John Albert Delany (6 July 1852 – 11 May 1907), usually referred to as John A. Delany, was an organist and composer in Sydney, Australia, a champion of choral music. He has been called "Australia's greatest musician" and "The Australian Gounod".

==History==

Born in England in 1852, the only son of J. D. Delany, and came to New South Wales around 1855 with his parents. His first music lessons were with Ellis Taylor, organist of St John's Church of England, Newcastle, then studied with the Benedictine monks at Lyndhurst College, Sydney, and had music lessons from William Cordner, organist of St Mary's pro-Cathedral. After Cordner's death, in 1870, he was taken on as a student by Charles S. Packer.
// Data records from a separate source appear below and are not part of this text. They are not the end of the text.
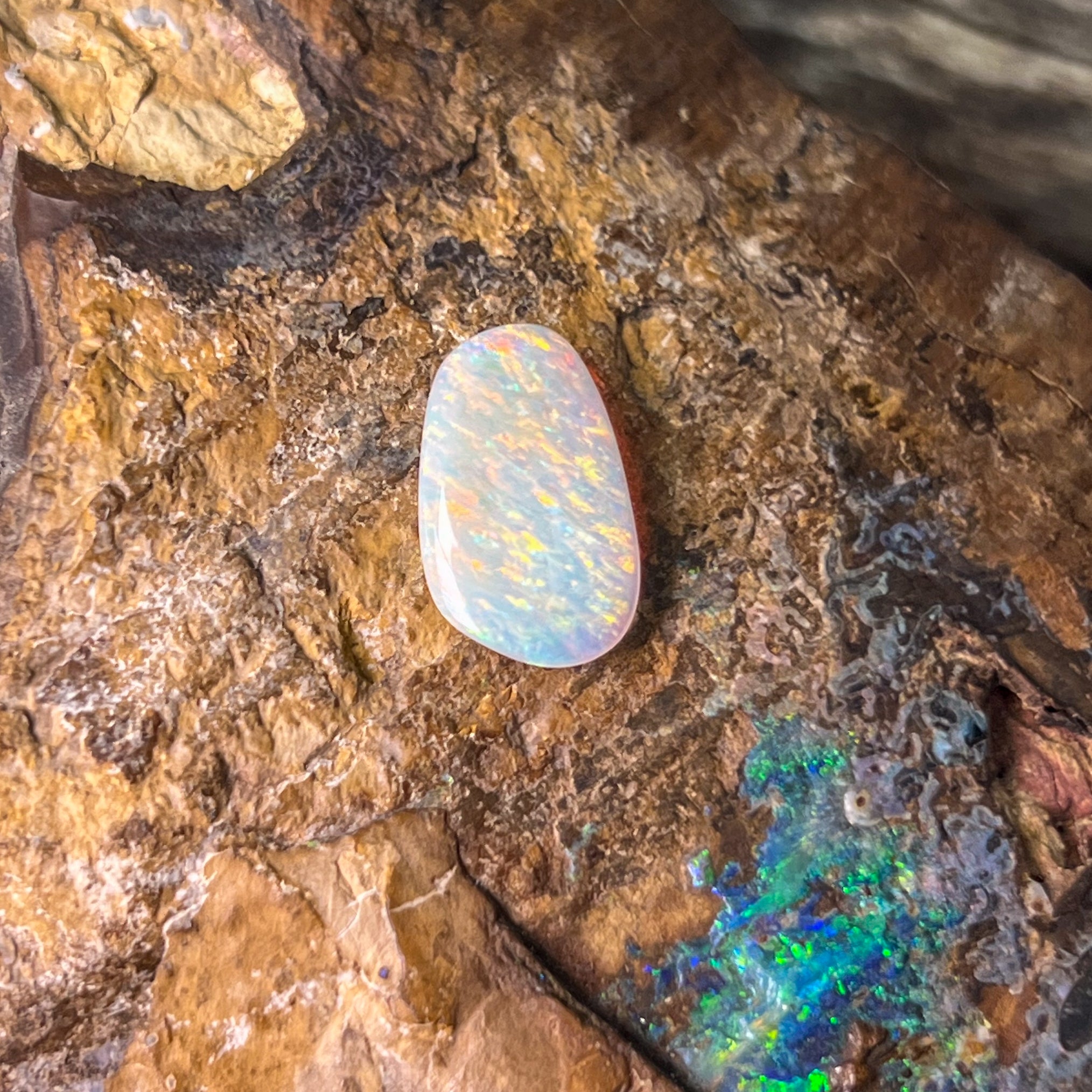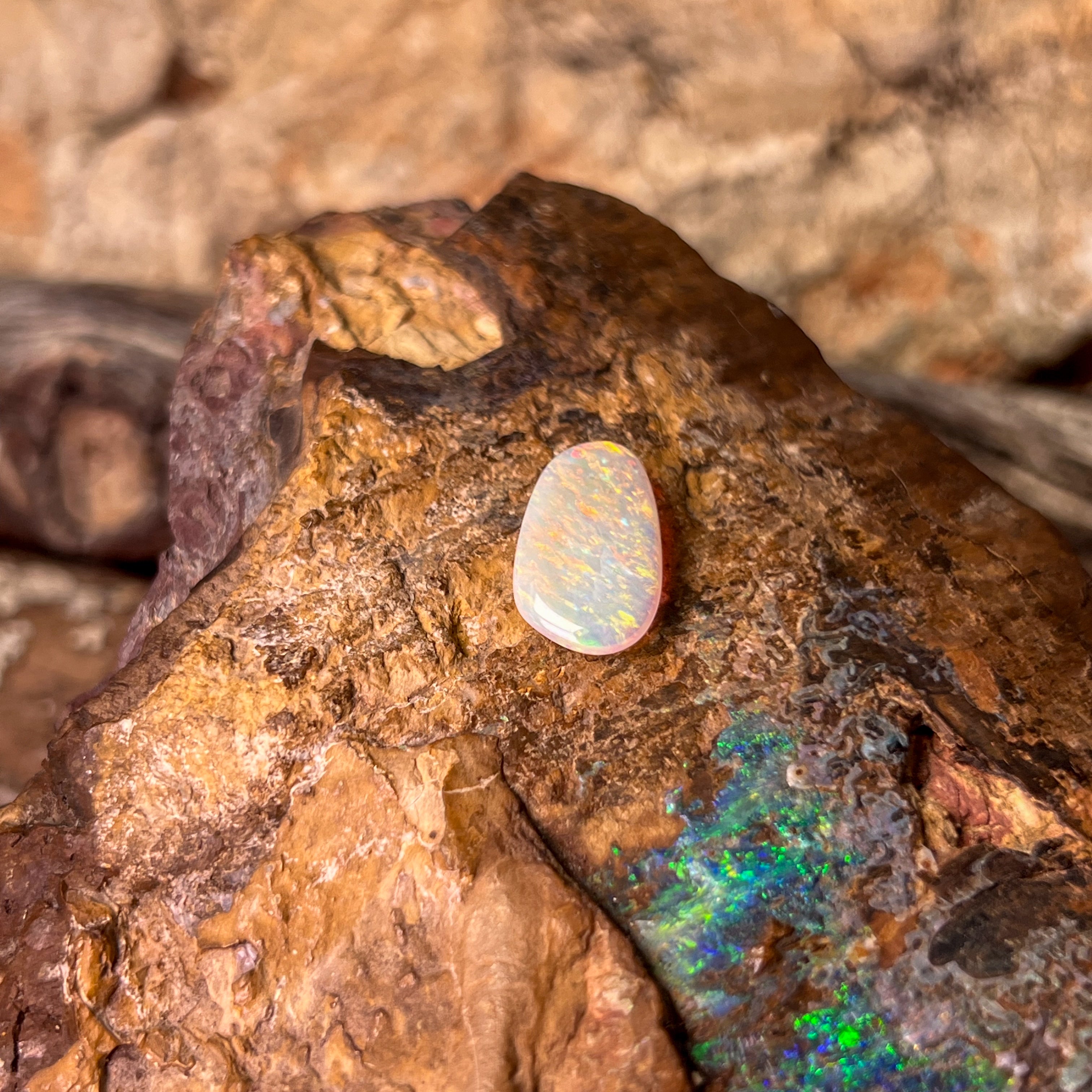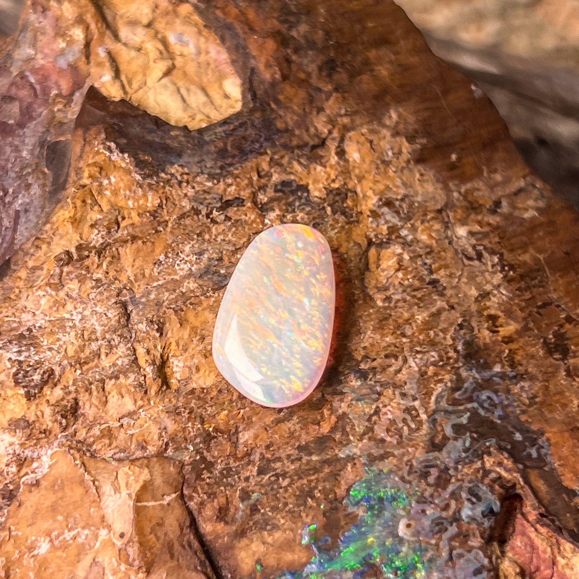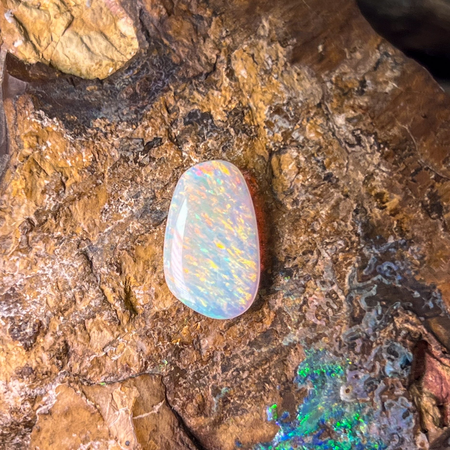 This 2.45ct White Opal boasts a unique red stripe pattern for a one-of-a-kind look. Perfect for those who love to stand out and make a statement.
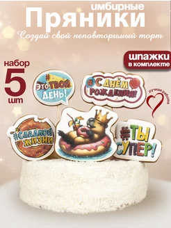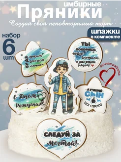 Пряники на торт имбирные натуральные с рисунками 6 штук
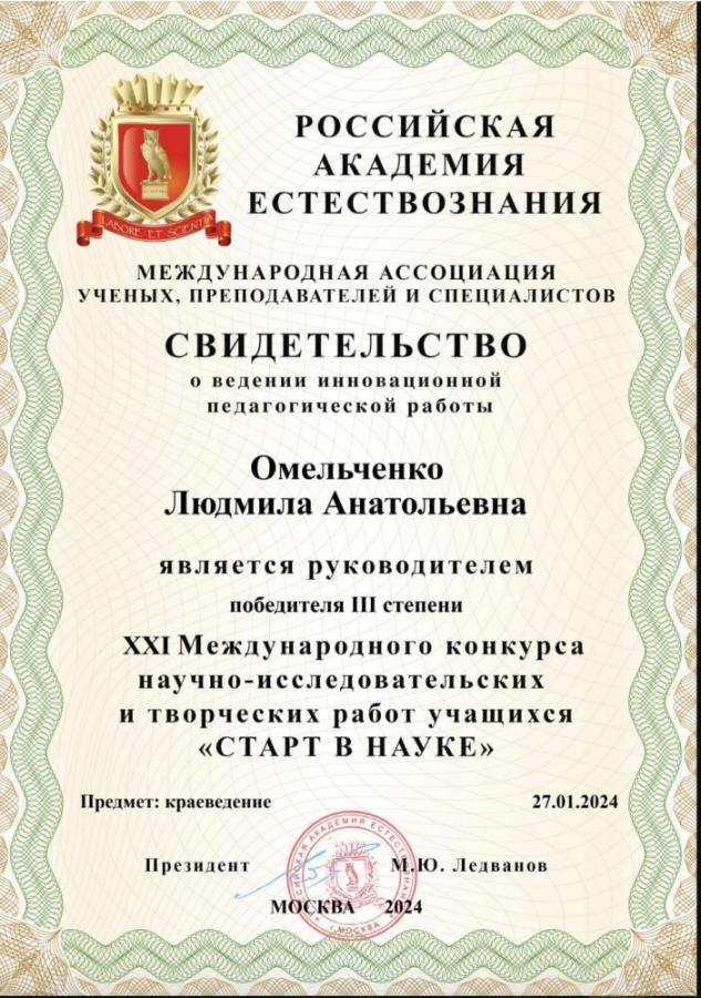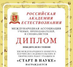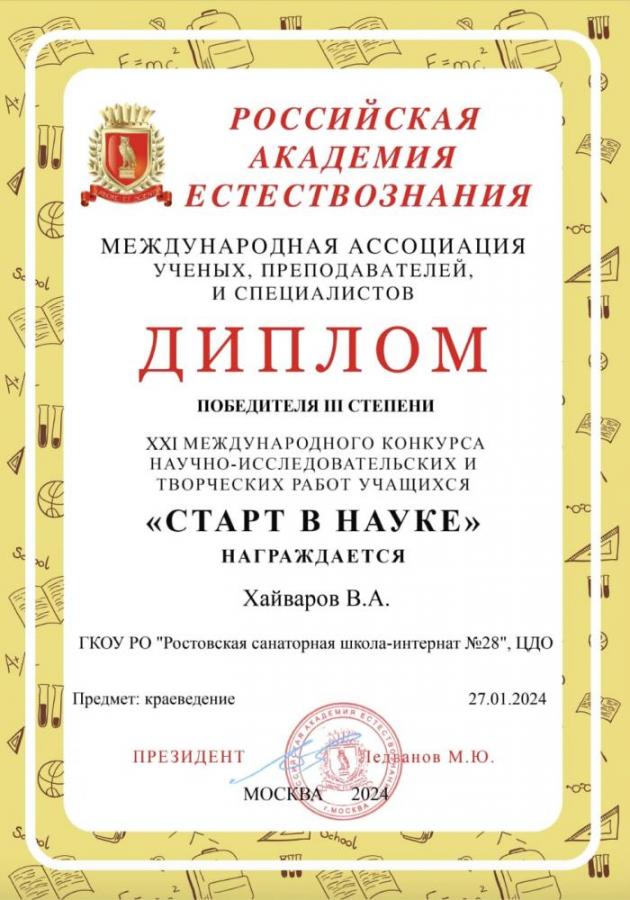 Хайваров Владислав, ученик 11 класса ГКОУ РО "Ростовская санаторная школа-интернат 28" стал победителем XXI Международного конкурса научно-исследовательских и творческих работ учащихся «Старт в науке», организованного Российской Академией Естесствознания.
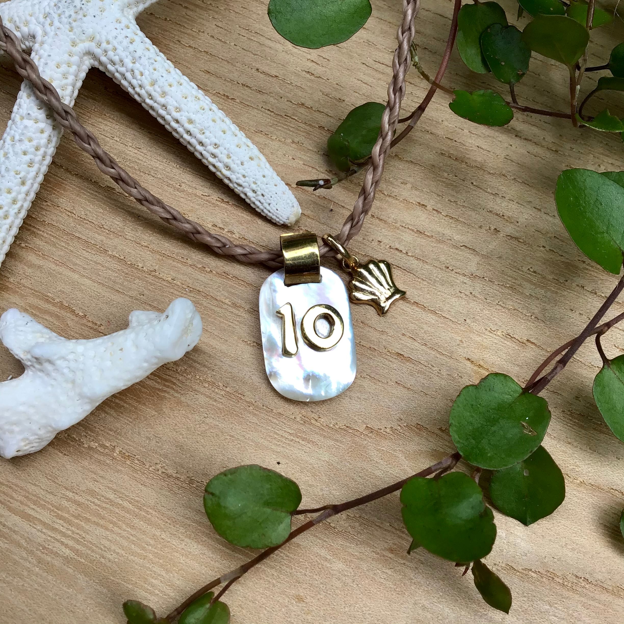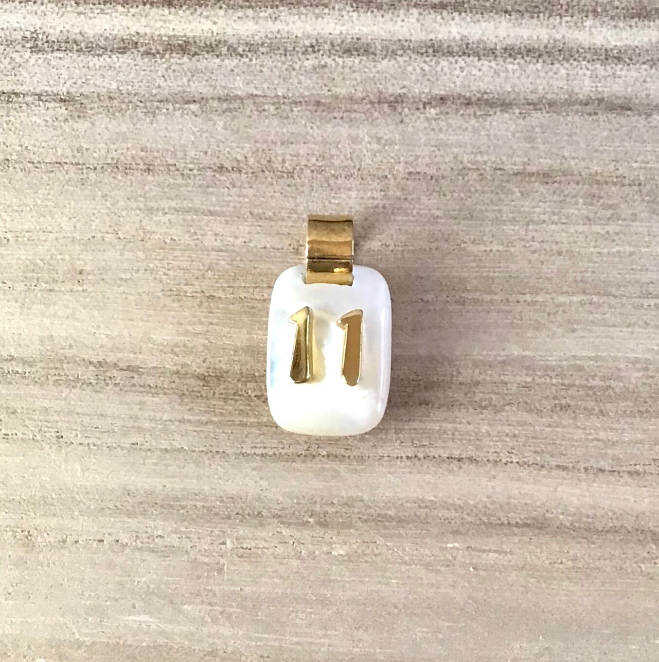 美しい天然の白蝶貝からけずり出して作られるペンダントトップです。自然の素材なのでもちろん同じ輝きのものは一つもありません。数字も板状の真鍮から切り出してアールを付け磨いて作っています。ご注文いただける定番のアクセサリーですが、全て1点ものと言っていいでしょう。
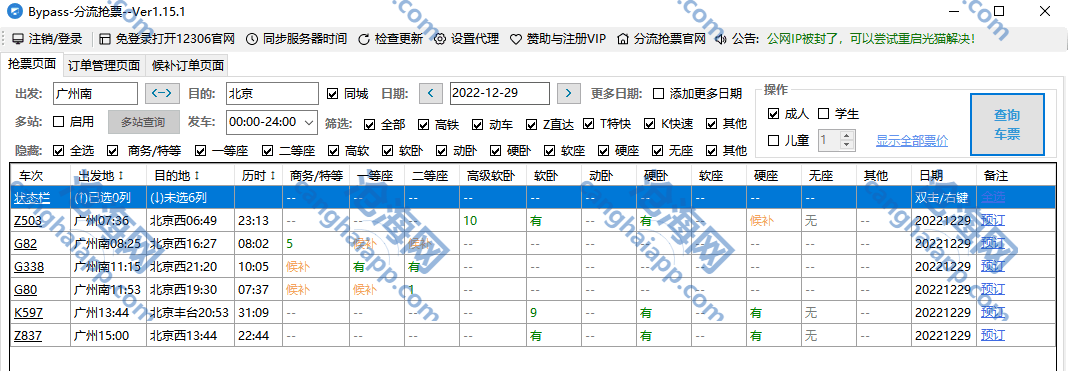 Bypass分流抢票绝对的电脑端抢票利器,软件可以说小巧,但不失强大;支持全程自动抢票,自动抢候补,自动识别验证码,多线程秒单、稳定捡漏,支持多天、多车次、多席别、多乘客等功能,可以直接挂机自动抢票。
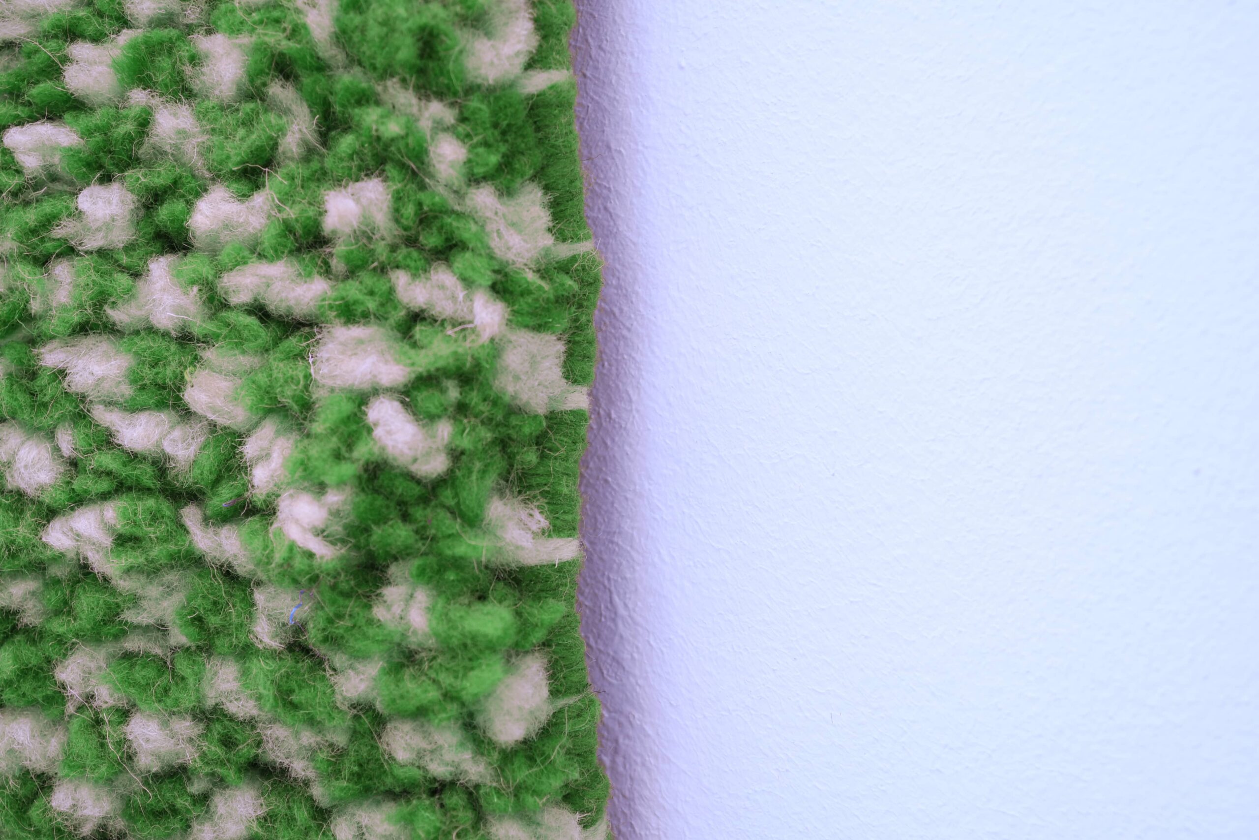 La alfombra cuenta con una mezcla armoniosa de vibrantes verde y suaves tonos beige. El verde intenso es el color dominante, simbolizando la naturaleza y la tranquilidad, mientras que los acentos beige aportan calidez y equilibrio. Esta combinación de colores es versátil, lo que permite que la alfombra se integre a la perfección en diversos estilos de diseño de interiores, desde minimalistas hasta eclécticos.
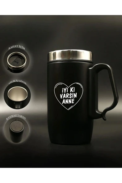 nesnel yayınlar Anneler Gününe Özel Canım Annem Yazılı Siyah Kulplu Termos Bardak
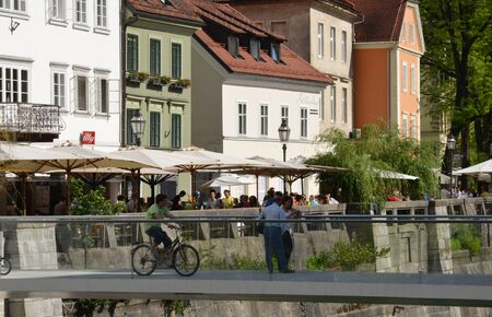 LJUBLJANA, SLOVENIA - APRIL 17, 2014: Hribarjevo embarkment and Triple bridge in Ljubljana, capital city of Slovenia
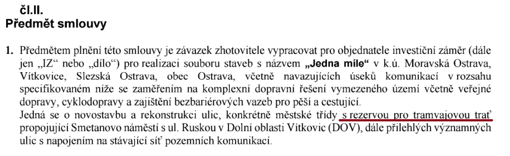 Předmětem této podlimitní veřejné zakázky je vypracování investičního záměru pro realizaci souboru staveb s názvem „Jedna míle“ v k.ú. Moravská Ostrava, Vítkovice a Slezská Ostrava, obec Ostrava, včetně navazujících úseků komunikací v rozsahu specifikovaném níže se zaměřením na komplexní dopravní řešení vymezeného území včetně veřejné dopravy, cyklodopravy a zajištění bezbariérových vazeb pro pěší a cestující.
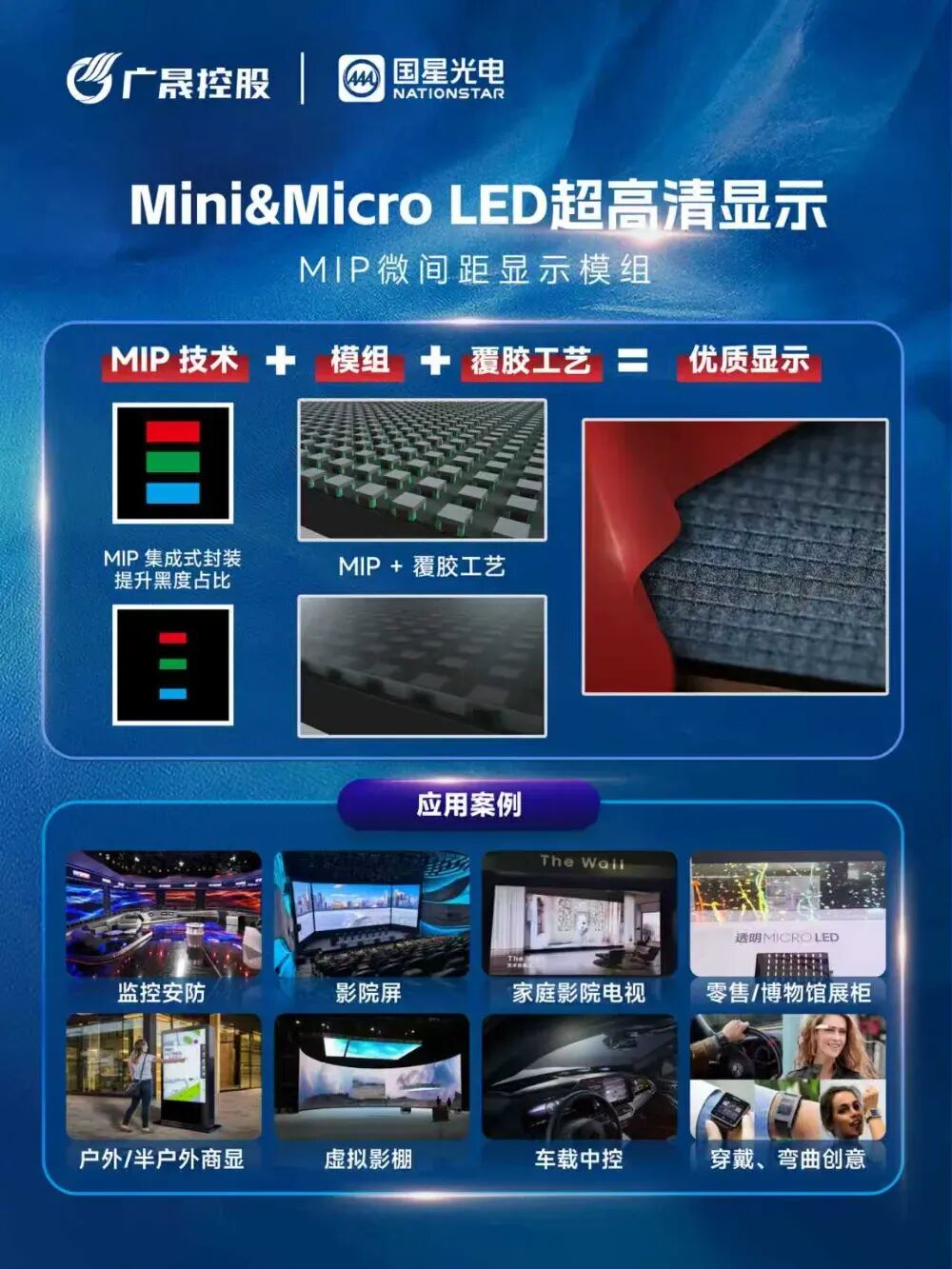 作为MLED技术的承载体之一,MIP技术正迅速走向成熟,未来随着以国星光电为代表的全产业链龙头企业在技术、产品和产能上的持续发力与全面布局,MIP技术将加速突破最后的成本与产业化壁垒,成为推动LED显示屏行业进入微间距发展时代的关键力量。
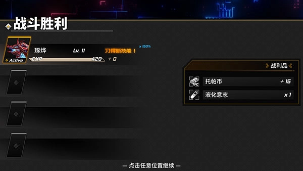 击败敌方角色即可赢得战斗胜利,结算界面也会展示我方角色获取的经验值以及战利品的相关情况。
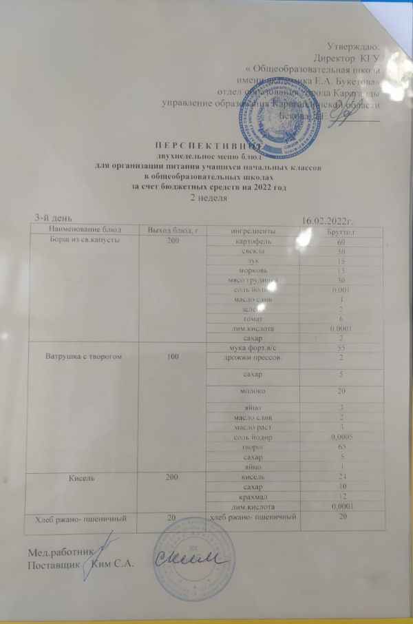 Питание школьников на 16.02.2022
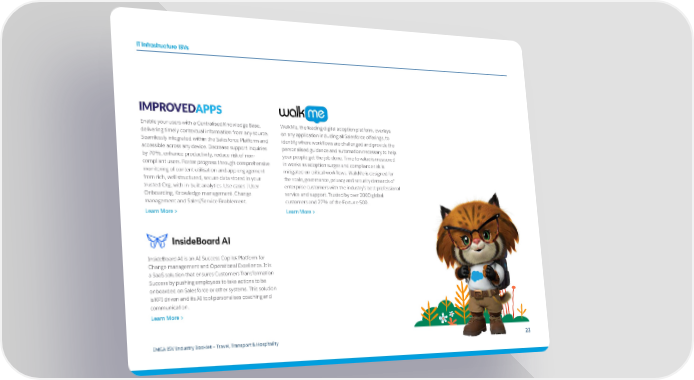 IT Infrastructure ISVs Enable your users with a Centralised Knowledge Base, WalkMe, the leading digital adoption platform, overlays delivering timely contextual information from any source. on any application including all Salesforce offerings, to Seamlessly integrated within the Salesforce Platform and identify where workflows are challenged and provide the accessible across any device. Decrease support inquiries personalised guidance and automation necessary to help by 70%, enhance productivity, reduce risk of non- your people get the job done. Time to value is measured compliant users. Foster progress through comprehensive in weeks as adoption surges and compliance risk is monitoring of content utilisation and app engagement mitigated on critical workflows. WalkMe is designed for from rich, well structured, secure data stored in your the scale, governance, privacy and security demands of trusted Org, with in-built analytics. Use cases | User enterprise customers with the industry’s best professional Onboarding, Knowledge management, Change service and support. Trusted by over 2000 global management and Sales/Service Enablement. customers and 27% of the Fortune 500. Learn More > Learn More > InsideBoard AI is an AI Success Copilot Platform for Change management and Operational Excellence. It is a SaaS solution that ensures Customers Transformation Success by pushing employees to take actions to be onboarded on Salesforce or other systems. This solution is KPI driven and its AI tool personalises coaching and communication. Learn More > EMEA ISV Industry Booklet — Travel, Transport & Hospitality 23

His first musical appointment was as violinist in the orchestra of the Victoria Theatre. He had become sought after by theatre managers for his expertise in scoring music for orchestra.

In 1872 "Cordner's boy" was appointed choirmaster at St Mary's Cathedral, and followed John Hill as choirmaster and organist in 1873. There could have been no pipe organ in the brick building that served as the cathedral since the fire of 1868, but a harmonium would have been adequate for the purpose.

His students include Harry Barton Dawkins.

He joined the Lyster Opera Company as conductor and chorus master in 1877, and was musical director for Nellie Melba's Sydney debut.
He later filled similar functions with Martin Simonsen's company.

He returned to St Mary's briefly, for the triduum (three-day festival) that accompanied the opening of the new Cathedral by Archbishop Vaughan 8–10 September 1882, when choirs from all of Sydney's Catholic churches took part. Delany composed the march that was performed at the opening and closing ceremonies. Thomas P. Banks was the organist.

He was conductor of the Sydney Liedertafel 1885–1897.

From 1886 to 1897 he served at St Mary's pro-Cathedral as musical director, and from 1895 to 1897 as organist. His resignation from both posts has been attributed to the cathedral's refusing to allow women as choir members.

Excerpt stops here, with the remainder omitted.